§ **INPUT DATA**

——————

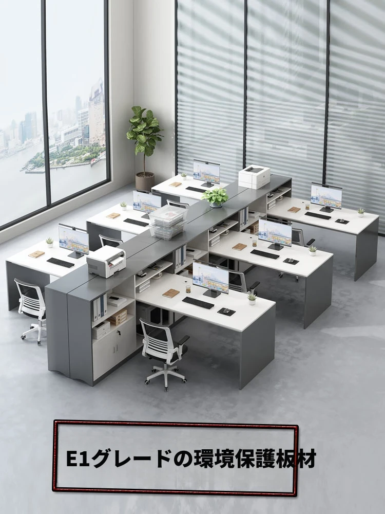 シンプルな従業員用デスク・パソコンデスクの組み合わせオフィスデスク - スタイリッシュで機能的な作業スペースを実現、ビジネスの生産性を向上させます!
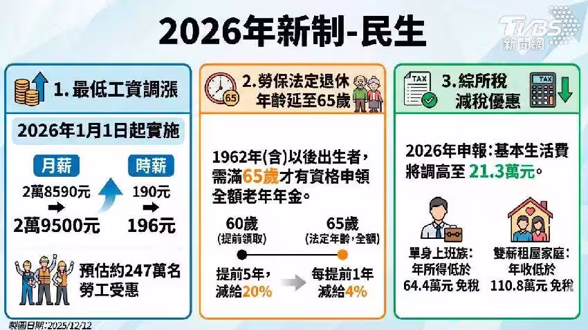 2026年將有試辦新制上路,包括工廠月最低工資調漲至2萬9,500元、時薪196元;鋼筋加強頂樓加蓋、違建等非法建築;育嬰開放以「日」為單位申請申請;廣播機構擬推出5月大平日國旅補助方案、衛福部推出「健康幣期」為「健康幣訓」;「TVBS新聞網」整理2026各項新制,帶您一次了解。
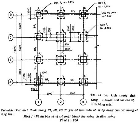 Các bản vẽ vị trí móng và các kết cấu dưới đất khác sẽ được trình bày với giả thiết rằng nền đất là trong suốt.

——————

§ **ACTIVITY**
Across the whole listing above, repeat each line exactly and leave out the images.

§ **EXPECTED OUTPUT**
 シンプルな従業員用デスク・パソコンデスクの組み合わせオフィスデスク - スタイリッシュで機能的な作業スペースを実現、ビジネスの生産性を向上させます!
 2026年將有試辦新制上路,包括工廠月最低工資調漲至2萬9,500元、時薪196元;鋼筋加強頂樓加蓋、違建等非法建築;育嬰開放以「日」為單位申請申請;廣播機構擬推出5月大平日國旅補助方案、衛福部推出「健康幣期」為「健康幣訓」;「TVBS新聞網」整理2026各項新制,帶您一次了解。
 Các bản vẽ vị trí móng và các kết cấu dưới đất khác sẽ được trình bày với giả thiết rằng nền đất là trong suốt.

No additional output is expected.